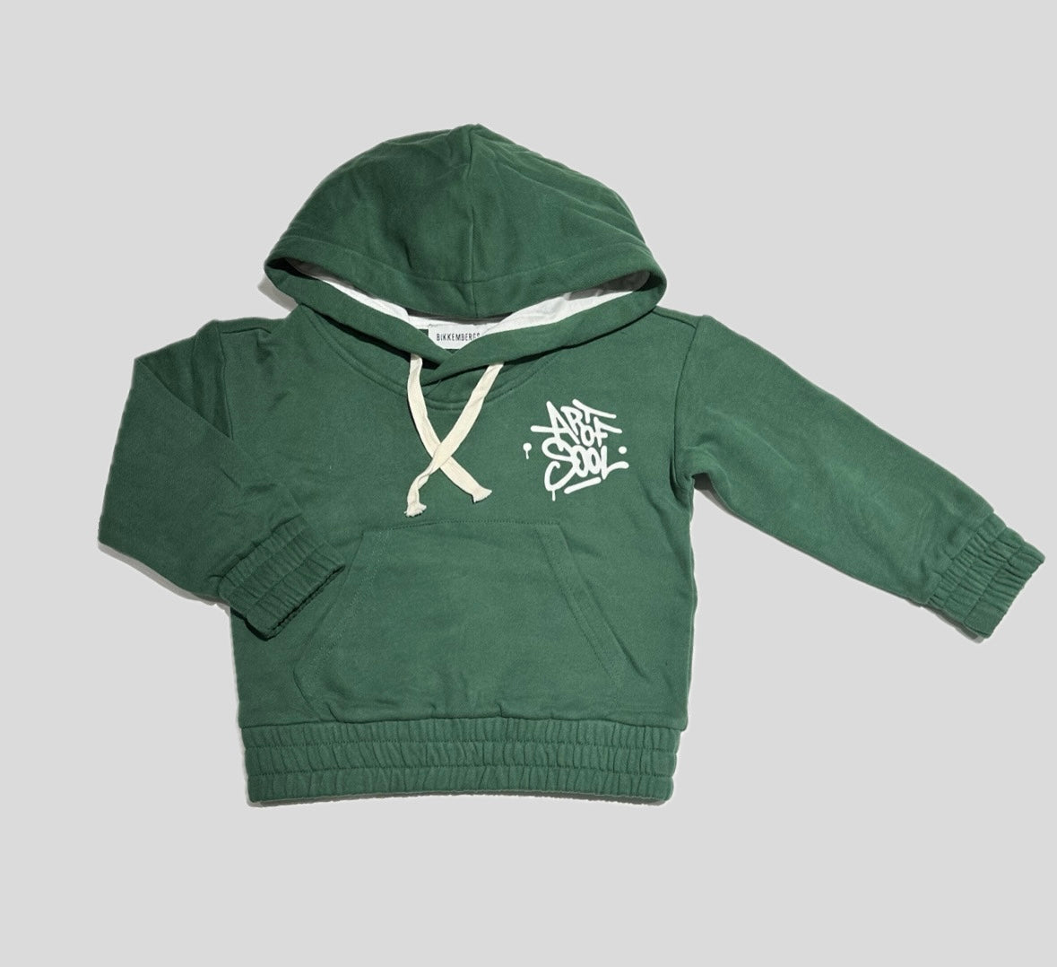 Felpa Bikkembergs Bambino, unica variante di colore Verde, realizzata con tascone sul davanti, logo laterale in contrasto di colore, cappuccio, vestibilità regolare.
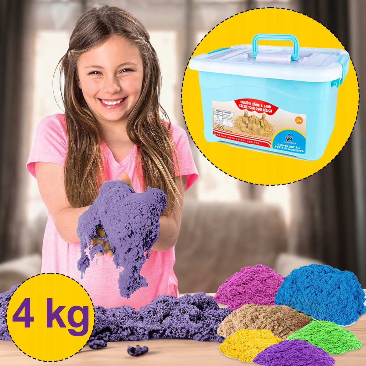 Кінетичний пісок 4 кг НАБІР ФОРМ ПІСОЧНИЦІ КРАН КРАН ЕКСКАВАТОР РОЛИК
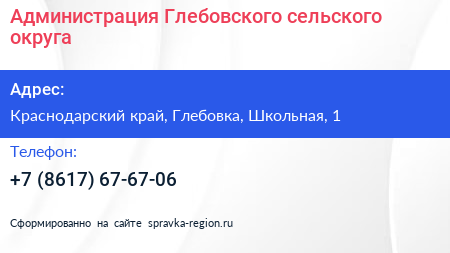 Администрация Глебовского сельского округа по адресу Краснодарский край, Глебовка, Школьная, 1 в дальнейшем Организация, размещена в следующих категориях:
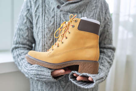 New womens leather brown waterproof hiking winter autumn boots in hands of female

===============

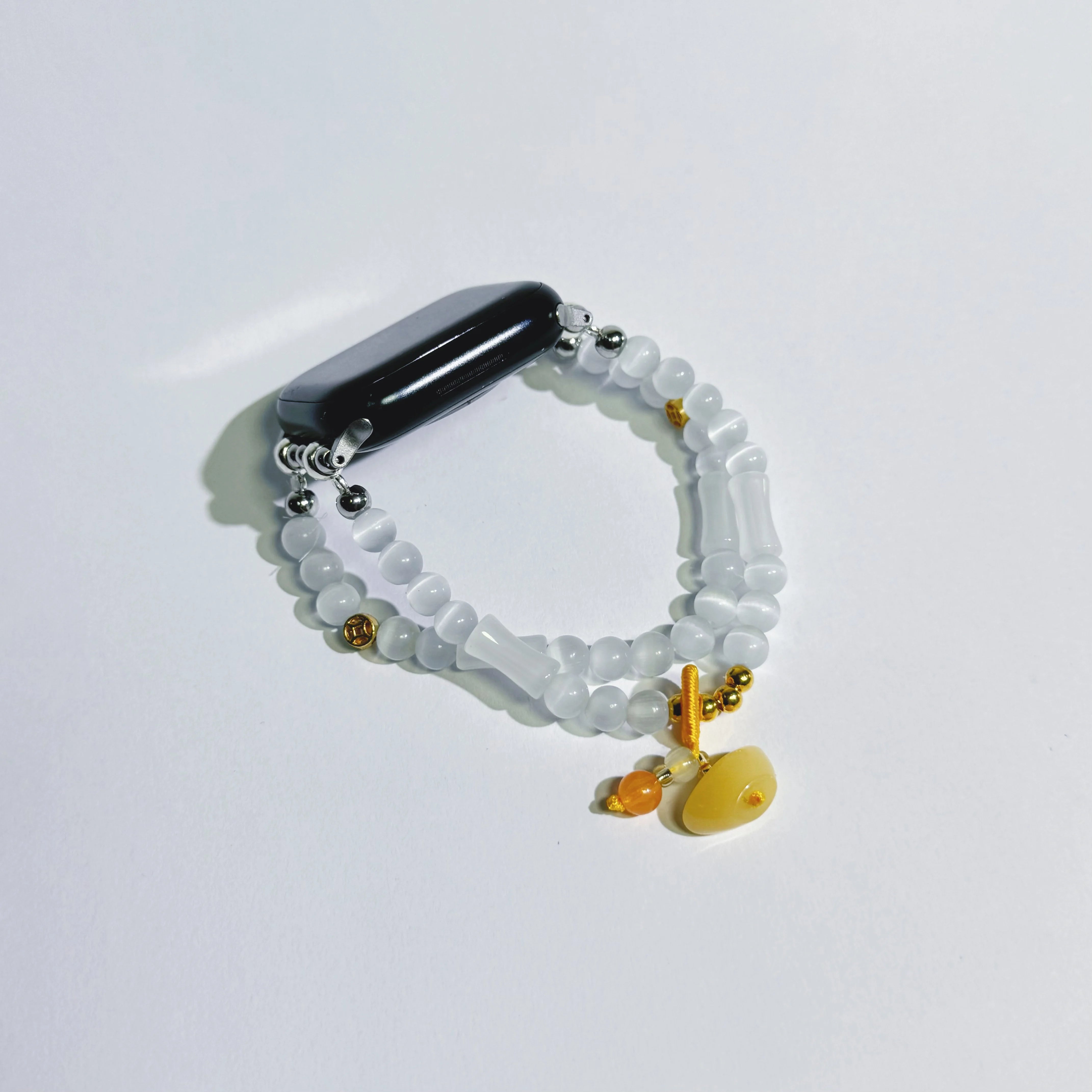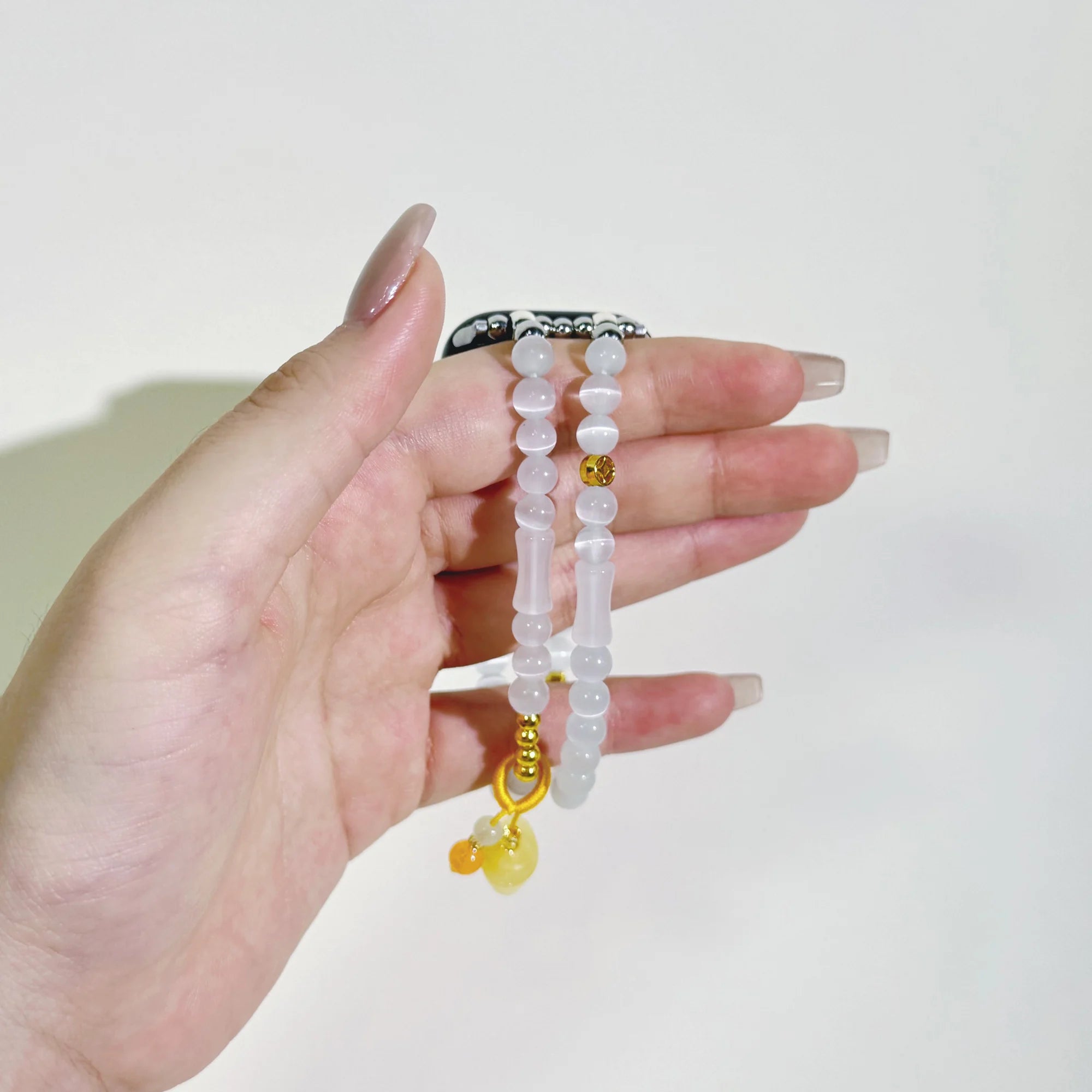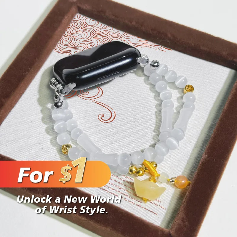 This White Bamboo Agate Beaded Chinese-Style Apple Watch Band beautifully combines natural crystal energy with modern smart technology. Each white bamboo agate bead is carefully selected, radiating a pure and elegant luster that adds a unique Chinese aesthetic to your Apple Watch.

===============

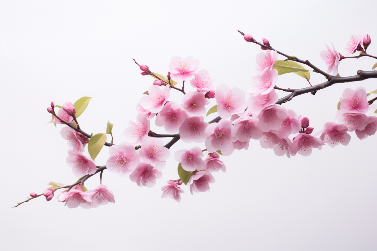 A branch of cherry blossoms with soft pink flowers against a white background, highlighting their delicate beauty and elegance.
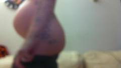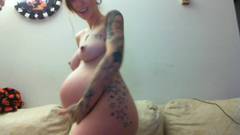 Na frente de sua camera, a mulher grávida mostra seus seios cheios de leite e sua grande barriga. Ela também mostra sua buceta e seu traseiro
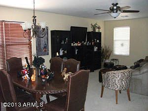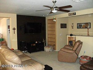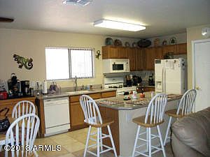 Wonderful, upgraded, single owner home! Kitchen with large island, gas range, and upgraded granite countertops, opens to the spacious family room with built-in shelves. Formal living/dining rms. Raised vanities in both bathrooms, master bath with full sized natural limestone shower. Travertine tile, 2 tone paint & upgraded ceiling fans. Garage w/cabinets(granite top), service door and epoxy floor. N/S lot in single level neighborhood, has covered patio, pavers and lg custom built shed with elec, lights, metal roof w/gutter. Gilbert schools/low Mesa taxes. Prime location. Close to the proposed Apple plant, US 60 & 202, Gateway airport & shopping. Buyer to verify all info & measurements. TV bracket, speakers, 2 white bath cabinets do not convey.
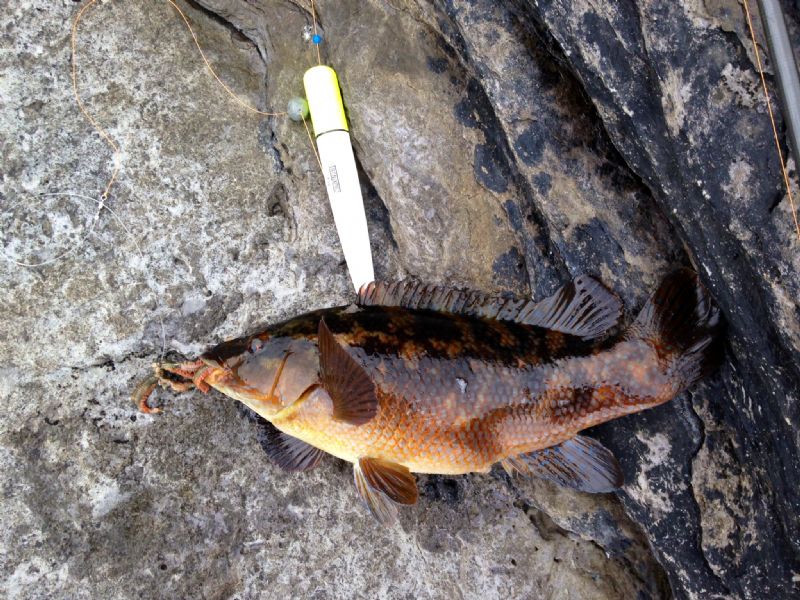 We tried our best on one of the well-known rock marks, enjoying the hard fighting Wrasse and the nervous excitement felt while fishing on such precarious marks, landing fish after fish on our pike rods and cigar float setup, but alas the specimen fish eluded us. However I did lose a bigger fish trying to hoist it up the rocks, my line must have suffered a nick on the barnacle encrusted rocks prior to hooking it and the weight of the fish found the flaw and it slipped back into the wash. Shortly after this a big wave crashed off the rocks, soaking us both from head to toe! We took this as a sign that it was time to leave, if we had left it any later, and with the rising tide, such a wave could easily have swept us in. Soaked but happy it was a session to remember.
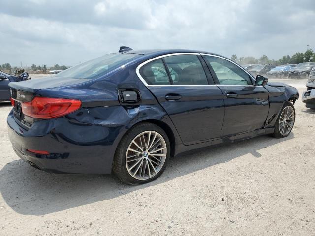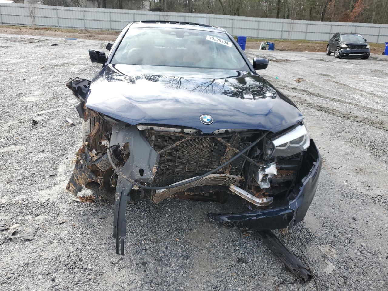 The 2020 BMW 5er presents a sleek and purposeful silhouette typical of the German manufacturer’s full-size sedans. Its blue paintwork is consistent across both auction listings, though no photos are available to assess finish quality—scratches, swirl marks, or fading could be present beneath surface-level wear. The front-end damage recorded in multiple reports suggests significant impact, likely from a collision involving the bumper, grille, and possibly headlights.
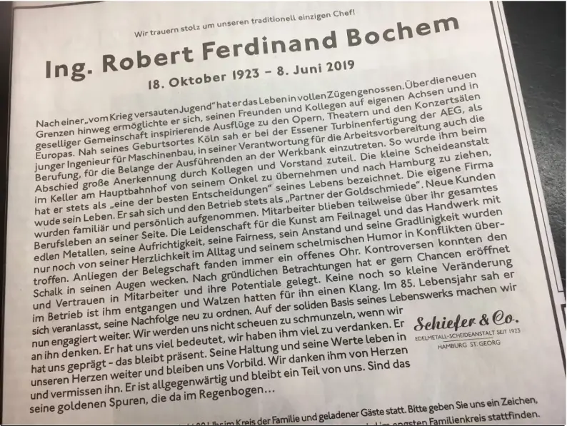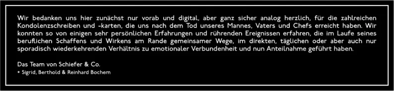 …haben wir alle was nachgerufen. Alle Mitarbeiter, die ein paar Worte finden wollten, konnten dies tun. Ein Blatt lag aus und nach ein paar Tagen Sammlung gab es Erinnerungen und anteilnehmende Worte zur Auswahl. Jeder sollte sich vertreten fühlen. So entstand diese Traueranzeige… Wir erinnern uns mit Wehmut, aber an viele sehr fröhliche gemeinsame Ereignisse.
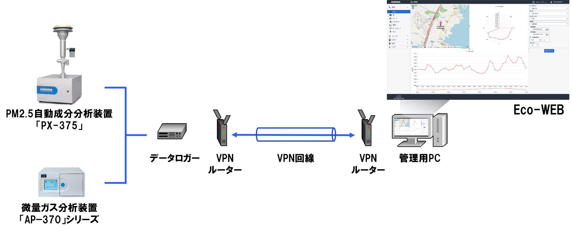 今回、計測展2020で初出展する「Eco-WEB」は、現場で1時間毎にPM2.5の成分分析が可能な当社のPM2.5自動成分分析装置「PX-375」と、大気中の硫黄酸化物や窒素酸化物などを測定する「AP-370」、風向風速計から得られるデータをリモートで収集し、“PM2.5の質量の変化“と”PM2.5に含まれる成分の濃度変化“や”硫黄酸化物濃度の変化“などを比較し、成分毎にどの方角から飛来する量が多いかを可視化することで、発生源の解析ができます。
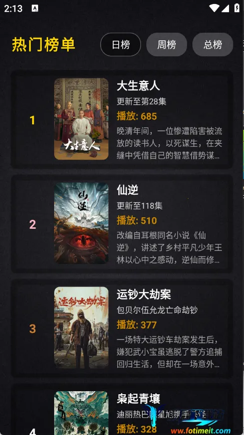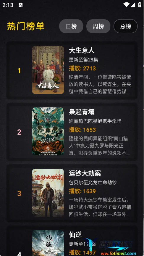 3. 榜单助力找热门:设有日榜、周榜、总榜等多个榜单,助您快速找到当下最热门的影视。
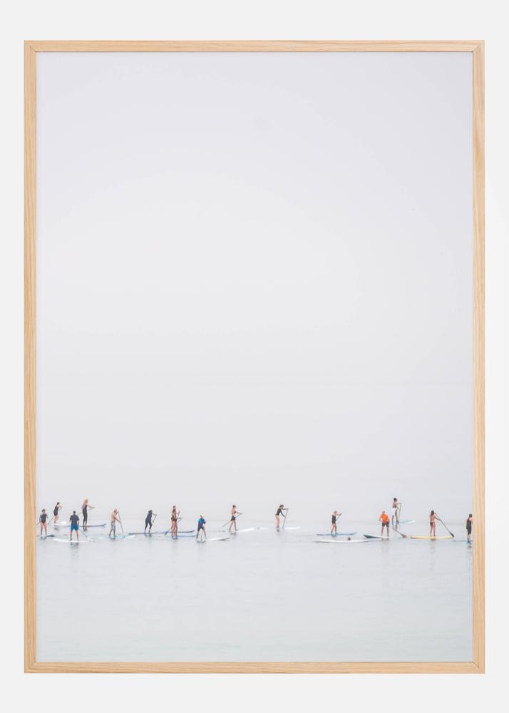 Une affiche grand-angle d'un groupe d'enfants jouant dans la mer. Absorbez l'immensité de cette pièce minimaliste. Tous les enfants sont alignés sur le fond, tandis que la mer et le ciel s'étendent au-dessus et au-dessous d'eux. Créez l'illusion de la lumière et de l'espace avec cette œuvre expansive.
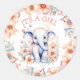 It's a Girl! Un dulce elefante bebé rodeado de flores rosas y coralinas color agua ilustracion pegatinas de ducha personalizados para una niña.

===============

Only one part of the material above is wanted: the lines from the one with "The 2020 BMW" up to and including the one with "3. 榜单助力找热门:设有日". Please copy them exactly, pictures left out.

ANSWER TO THIS EXERCISE:
 The 2020 BMW 5er presents a sleek and purposeful silhouette typical of the German manufacturer’s full-size sedans. Its blue paintwork is consistent across both auction listings, though no photos are available to assess finish quality—scratches, swirl marks, or fading could be present beneath surface-level wear. The front-end damage recorded in multiple reports suggests significant impact, likely from a collision involving the bumper, grille, and possibly headlights.
 …haben wir alle was nachgerufen. Alle Mitarbeiter, die ein paar Worte finden wollten, konnten dies tun. Ein Blatt lag aus und nach ein paar Tagen Sammlung gab es Erinnerungen und anteilnehmende Worte zur Auswahl. Jeder sollte sich vertreten fühlen. So entstand diese Traueranzeige… Wir erinnern uns mit Wehmut, aber an viele sehr fröhliche gemeinsame Ereignisse.
 今回、計測展2020で初出展する「Eco-WEB」は、現場で1時間毎にPM2.5の成分分析が可能な当社のPM2.5自動成分分析装置「PX-375」と、大気中の硫黄酸化物や窒素酸化物などを測定する「AP-370」、風向風速計から得られるデータをリモートで収集し、“PM2.5の質量の変化“と”PM2.5に含まれる成分の濃度変化“や”硫黄酸化物濃度の変化“などを比較し、成分毎にどの方角から飛来する量が多いかを可視化することで、発生源の解析ができます。
 3. 榜单助力找热门:设有日榜、周榜、总榜等多个榜单,助您快速找到当下最热门的影视。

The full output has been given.